Ve adalah orang yang paling penting dari hidupku. sejauh ini hanya itu alasan yang paling masuk akal mengapa aku masih belum mampu melupakan dia.

"boris aku berangkat dulu ya" aku berpamitan pada boris, dia adalah teman karibku kurang lebih 4 tahun ini
"baik lah, hati-hati kau ya! bila kau pulang, semoga kau sudah melupakan dia" kalimat sindiran boris yang selalu ku dengar setiap pagi

aku berjalan perlahan, melewati setiap jalan yang pernah aku lalui bertahun-tahun lalu, semua sama. satu hal yang berbeda adalah aku tidak menggenggam siapapun, ve tidak lagi bersamaku.

sebuah kalimat perpisahan yang dia ucapkan terakhir kali kami bertatap mata adalah
"jujur, mungkin kamu adalah pria yang tepat, di saat yang tepat"
sebuah kalimat dingin dengan ekspresi wajah yang nyaris tanpa dosa dari dia membuatku bingung.
sejujurnya.

tak lama kalimat itu terngiang di telinga, aku melihatnya, aku melihat ve berjalan di sekitar taman. taman yang sama, seperti beberapa bulan lalu. hanya kini, pria itu bukan aku lagi.

aku memerhatikannya dari kejauhan. ragu bahwa itu dia. namun aku tidak salah kaliini. bila biasanya hanya sebatas imajinasi. kini berbeda. ini memang dia.

rambutnya kini pirang, ia bahkan nampak lebih putih. namun kini ia menggunakan kacamata. sesuatu yang jauh darinya dulu. ya mungkin aku terlalu jauh. terakhir aku melihatnya ketika kami sma dulu.

aku mendekatinya perlahan, aku tau ini hari senin, aku tau aku hampir terlambat. semua seakan tak berlaku di detik itu. aku hanya ingin mendekatinya dan bicara. sedikit saja.

namun, sesaat setelah aku berniat mendekatinya, dia pergi. dia menoleh ke arahku, dan kemudian memberiku semacam kode, dia mengacungkan telunjuknya pada kursi yang ia duduki tadi.

aku berusaha mengejarnya, aku berlari. namun ia terlampau cepat menaiki mobil pajero itu. dia terlalu cepat.
melihat perangainya yang seakan memberi kode bahwa ia meninggalkan sesuatu untukku itu benar. dia meninggalkan secarik kertas dengan beberapa huruf tertata rapi di pojok kanan atas.
"Untukmu, terkasih."

mendengar kalimat yang mungkin sebuah tajuk yang mengawali kalimat-kalimat lain membawa aku melambung tinggi. kalimat pembuka itu mengisyaratkan perasaannya untukku. setidaknya, itu yang aku duga.

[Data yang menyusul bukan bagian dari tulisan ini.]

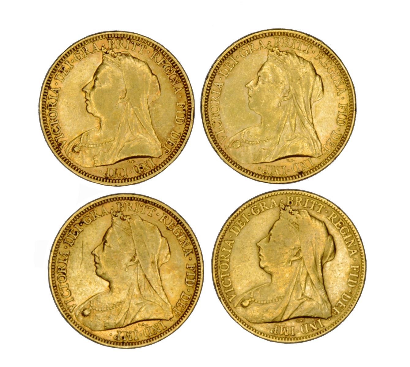 Victoria, gold sovereigns, veiled head: 1894 (2), Melbourne Mint; 1895, Melbourne Mint (S 3875); 1900, Perth Mint (S 3876), Good fine or a little better. [4]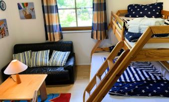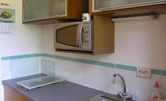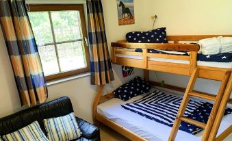 In the fenced private garden with a mostly covered south-facing terrace, comfortable garden furniture and a garden shed, there are sun loungers including a parasol and a charcoal grill. The sun loungers are portable and you are welcome to take them to the heated swimming pool and natural bathing pond. The garden or the garden house also serve as a storage space for bicycles, ski equipment, etc.

"haloooo teman sekelas! bagaimana kabarmu?"
"aku ingin beri tau kamu sesuatu, aku akan menikah. aku akan menikah minggu depan."
"aku ingin kamu tau, bertahun-tahun sejak pertemuan terakhir kita, aku masih sering memimpikanmu."
"terjebak dalam angan denganmu. dan mimpi itu selalu sama. mimpi saat kita duduk bersama di halaman rumahmu. kala hujan riuh membasahi bumi:"
"aku ingin kamu tau, setelah kamu membaca tulisan ini, aku menyayangimu. selalu begitu sejak dulu."
"selain itu, ini adalah pesan yang pertama dan terakhir setalah bertahun-tahun kita tak berkomunikasi."
"aku meninggalkanmu dalam sebuah kebingungan. sejujurnya, ibu tidak pernah setuju dengan semua ini. dengan hubungan kita."
"ibu menyuruhku untuk menikahi anton, sarjana hukum itu. ibu bilang dia sudah mapan dan aku bodoh bila melewatkannya."
"seharusnya pernikahan ini terjadi beberapa minggu setelah kita berakhir, namun aku minta sedikit waktu agar aku bisa melupakanmu. namun hasilnya nihil. aku tak pernah benar-benar bisa melupakanmu. sampai detik ini"
"hatiku ini akan selalu jadi milikmu, aku selalu berdoa semoga kamu bahagia."
"dari yang paling menyayangimu, Ve"

selembar surat ini membuatku sekujur tubuhku kaku, dulu, aku mengira dia hanya permainkanku, ternyata jauh dari semua prediksiku.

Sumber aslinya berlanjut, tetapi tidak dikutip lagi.